The downside of this natural wonder is, because of its popularity, you have to enter a lottery in order to gain access to it. You can show up in-person at the Visitor Center in Kanab, UT to enter the lottery, and keep your fingers crossed. Pack a good photography camera, because if you get lucky, you'll want to try and do the sight some justice.
2. White Pocket In Arizona
Just a bit east of Coyote Buttes South is a spot called White Pocket. These mounds of red, orange, and white rock are nestled into the Vermillion Cliffs National Monument, and are a must-see if you're in the area. Unlike The Wave, you won't need a permit. However, you will need to take a tour with the right mode of transportation to get there.
Hike around them during sunset or sunrise for that perfect glow, or just take an afternoon wandering around the swirls on the surface. There seriously may not be any experience quite as beautiful as this one on your bucket list.
3. Paw Hole In Arizona
Put yourself in Paw Hole if you're hoping to find some sand waves. This spot is underrated compared to The Wave, but offers so much beauty under the hot beating sun. According to alltrails.com, this is an easy hike and is good for adventurers of all skill levels. So, if you're not quite the adventurous girl in your crew, this may be the ideal place with sand waves to add to your bucket list.
4. Antelope Canyon In Arizona
Have you heard about Antelope Canyon in Page, AZ? In my personal opinion, this is probably one of the most vibrant places to visit on this Earth.
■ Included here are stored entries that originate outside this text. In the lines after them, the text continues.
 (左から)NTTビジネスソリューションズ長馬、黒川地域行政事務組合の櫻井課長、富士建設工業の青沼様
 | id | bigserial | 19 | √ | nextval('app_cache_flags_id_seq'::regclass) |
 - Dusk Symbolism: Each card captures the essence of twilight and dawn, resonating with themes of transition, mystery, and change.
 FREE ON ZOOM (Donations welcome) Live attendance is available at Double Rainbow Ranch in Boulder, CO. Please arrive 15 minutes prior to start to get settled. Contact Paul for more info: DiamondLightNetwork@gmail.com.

Next to those bright lavender fields in France, and the pastel houses along the cliffs of Cinque Terre, this slot canyon is everything you're looking for when it comes to formations that look like waves.
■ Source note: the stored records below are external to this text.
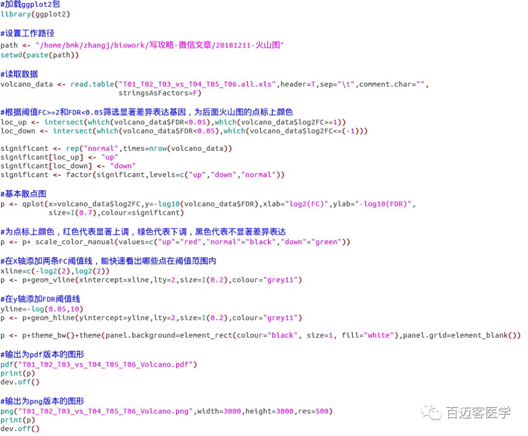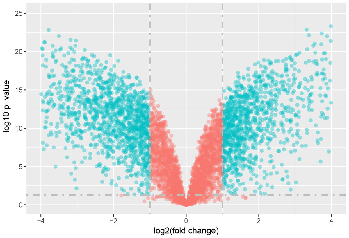 一般差異表達(dá)分析中會同時控制這兩個參數(shù)來篩選顯著差異表達(dá)基因,如取FDR<0.05和FC≧2?;鹕綀D可以直觀地展現(xiàn)所有基因的FDR與Fold Change之間的關(guān)系,以便快速查看基因在兩組樣品間表達(dá)水平的差異程度和其統(tǒng)計學(xué)顯著性?;鹕綀D的本質(zhì)其實就是散點圖。橫坐標(biāo)表示某一個基因在兩樣品中表達(dá)水平差異倍數(shù)的對數(shù)值,即log2(FC);橫坐標(biāo)絕對值越大,說明基因表達(dá)量在兩樣品間的倍數(shù)差異越大??v坐標(biāo)表示FDR的負(fù)對數(shù)值,即-log10(FDR)??v坐標(biāo)值越大,表明差異表達(dá)越顯著,篩選得到的差異表達(dá)基因越可靠。下面,小編就手把手教你如何繪制火山圖啦。
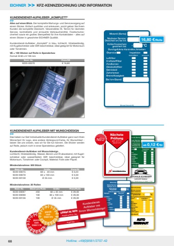68 Hotline: +49(0)9561/2707-4224 25 26 27 28 296 543 2 112 11 1098 6 7gepr%u00fcft nach DGUV V 70 kontrolliert erneuert Lu%ufffdfilter Kra%ufffdstofffilter Z%u00fcndkerzen Ak%ufffdvkohlefilter Getriebe%u00f6l Zahnriemen Bremsfl%u00fcssigkeit Bei km-Stand:Durchgef%u00fchrte Kontrollen/Arbeiten: %u00d6lservice Inspek%ufffdon Motor%u00f6l (Sorte):N%u00e4chster Service/ %u00d6lwechsel am/bei km:K%u00fchlerfrostschutz gesichert bis: - %u00b0CEichfeld 127 %u2022 8480 Mureck 034 72 / 30 480 %u2022 www.eberhaut.at Eichfeld 127 %uf06c 8480 Mureck034 72 / 30 480 %uf06c ww.eberhaut.at Eichfeld 127 %uf06c 8480 Mureck034 72 / 30 480 %uf06c ww.eberhaut.atEICHNER >> KFZ-KENNZEICHNUNG UND INFORMATIONAlles auf einen Blick. Der komplette Wartungs- und Servicevorgang auf einem Sticker. Einfach ausf%u00fcllen und ankreuzen, somit geben Sie Ihrem Kunden die komplette %u00dcbersicht. Verwendetes %u00d6l, Termin f%u00fcr n%u00e4chsten Service, kontrollierte und erneuerte Verbrauchsmittel, Frostschutzsicherheit sowie ein gro%u00dfes Stempelfeld f%u00fcr Ihre Kontaktdaten - alles auf einem Sticker in gewohnter EICHNER Qualit%u00e4t.Kundendienst-Aufkleber %u201eKomplett%u201c in blau, lichtecht, hitzebest%u00e4ndig, mit Kugelschreiber oder Stift beschreibbar, ideal geeignet f%u00fcr Motorraum oder T%u00fcrrahmen.VE = 100 Sticker auf Rolle in SpenderboxFormat: B 60 x H 100 mmDas haben nur Sie! Individuelle Kundendienst-Aufkleber ganz nach Ihren W%u00fcnschen! Ihr Logo, eine andere Hintergrund-Farbe, Ihr Wunschtext - lassen Sie uns wissen, was wir f%u00fcr Sie tun k%u00f6nnen. Die Sticker werden auf Rolle, jedoch nicht in einer Spenderbox geliefert.Kundendienst-Aufkleber mit WunschdesignLichtecht, hitzebest%u00e4ndig, Wasser, Benzin und %u00d6l abweisend, mit Kugelschreiber oder wasserfestem Stift beschreibbar, ideal geeignet f%u00fcr Motorraum, T%u00fcrrahmen oder Cockpit, Material: Folie oder Papier.Mindestabnahme: 500 St%u00fcckMindestabnahme: 20 RollenKUNDENDIENST-AUFKLEBER %u201eKOMPLETT%u201c>>KUNDENDIENST-AUFKLEBER MIT WUNSCHDESIGN>>Best.-Nr. Preis/VE 9220-00070 %u20ac 16,80Best.-Nr. Gr%u00f6%u00dfe Preis/St 9220-00075 60 x 40 mm %u20ac 0,239220-00078 60 x 100 mm %u20ac 0,309220-00138 %u00d8 35 mm %u20ac 0,30Best.-Nr. St%u00fcck pro Rolle Gr%u00f6%u00dfe Preis/Rolle9220-00097 250 60 x 40 mm %u20ac 29,009220-00098 100 60 x 100 mm %u20ac 29,009220-00136 100 %u00d8 35 mm %u20ac 29,0016,80 %u20ac/Rolleab 0,12 %u20ac/St kontrollerad byteUtf%u00f6rda kontroller/arbete:Motorolja:N%u00e4sta Service/ Oljebyte vid km:Kylarv%u00e4tskaFryspunkt: - %u00b0COljebyte KontrollLuftfilterBr%u00e4nslefilterT%u00e4ndstiftKup%u00e9filterV%u00e4xell%u00e5dsoljaDrivremBromsv%u00e4tskaUtf%u00f6rd vid km:Au plus tardProchain service %u00e0 .. kmsLIQUIDE DE FREINN%u00e4chstePr%u00fcfunggem. %u00a7 57 (1)DGUV V7024 25 26 27 28 296 543 2 112 11 1098 6 7gepr%u00fcft nach DGUV V70NEU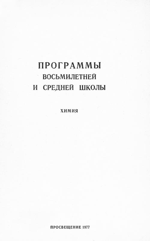 Программы восьмилетней и средней школы. Химия / Министерство просвещения СССР. — М. : Просвещение, 1977. — 38 с.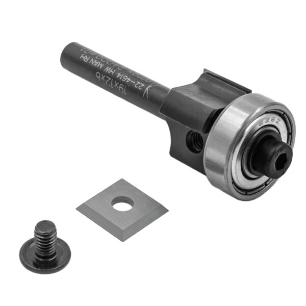 Fräser zum präzisen Passungsfräsen und Schablonenkantenabtastung nach der darunter liegenden Schablone. Bei einem herkömmlichen Lötfräser wird beim Schärfen der Schnittdurchmesser gegenüber dem Kugellager reduziert, wodurch sich ein Zahn bildet. Der Wendeplatten-Fräser eliminiert dieses Phänomen mit präzise ausgerichteten, austauschbaren Wendeplatten, die auch gedreht und bis zu 4 Schneiden verwendet werden können. Für das Fräsen von Corian kann auch ein gerades oder konisches Kugellager mit einem Kunststoffring nachgekauft werden, um eine präzise Führung durch das Material zu gewährleisten.

It can only be reached through a guided tour, because it is a special and sacred land. It's worth every second of the walk once you reach this sort of photographer's paradise. Look up and see the sunshine hitting the rocks and illuminate their surfaces with bright purple and yellow tones. Sounds dreamy, huh?
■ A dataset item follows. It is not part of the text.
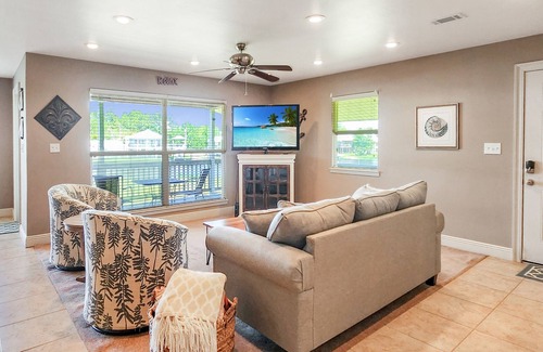 Off the clock is the perfect place to relax with the whole family at this peaceful place to stay. Located on the water, you can swim off the back deck while your boat is docked. Enjoy the Jourdan River. Let your imaginations run wild. Great places to eat nearby and right off the interstate. Nothing like enjoying a night on the water and having a cup of coffee over looking the water and beautiful homes. This place is perfect for you and your family to enjoy the beautiful MS Gulf Coast. Sleeps up to 6 people, 1 King Bed, 1 Queen Bed, and 1 queen Sofa Bed in the living room.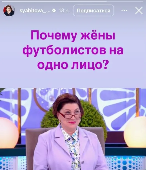 Свойственную ей прямолинейность Сябитова обозначила 18 марта на своей странице в Instagram. Со слов телеведущей, так она решила ответить на недавно заданный ей вопрос, по поводу жен футболистов, которые похожи друг на друга, как из инкубатора.

5. Waterholes Canyon Trail In Arizona
Also located in Page, AZ, is Waterholes Canyon Trail. You need a Navajo Nation permit in order to hike it, but it'll be worth it when you run into all those sand waves.
According to alltrails.com, the hike is about 2.8 miles long and features a river along the way. You'll be able to bask in the beauty of the desert and a rather lovely, remote view. There's truly nothing that quite compares to exploring such natural wonders, because it's always a one-of-a-kind experience. I mean, you wouldn't be able to find these sand waves in your backyard — am I right?
6. Wire Pass Trailhead In Utah
During your adventure, you'll probably want to hike through the Wire Pass Trailhead in Utah. It's narrow, and you'll have tall sandstone walls on either side of you, but the sun will illuminate the rock just right to make it quite the spot for pictures, too. In some ways, it reminds me of that scene from Finding Nemo, where Dory is supposed to go through the trench. There really is a lot of beauty that you won't want to miss.
According to VisitUtah.com, this trail is also the most direct route to Buckskin Gulch. So, if you're looking for a good day hike featuring lots of sand waves, this one is for you.
7. Buckskin Gulch In Utah
At the end of Wire Pass Trailhead is Buckskin Gulch. According to The Bureau of Land Management (BLM), this is one of longest uninterrupted slot canyons on the planet, so you already know it has to be on your bucket list. Like Antelope Canyon, the walls and sand waves will be illuminated by the sunlight, and you'll want to take some time to admire all of the sandstone.
When you're all done, you'll probably want to explore the rest of the Vermillion Cliffs National Monument, or even hop over to one of the other national parks in Utah, like Zion National Park or Bryce Canyon National Park for even more natural beauty. There won't be any sand waves per say, but they'll still be great additions to your bucket list. (Which, by the way, is that longer, yet? I sure hope so!)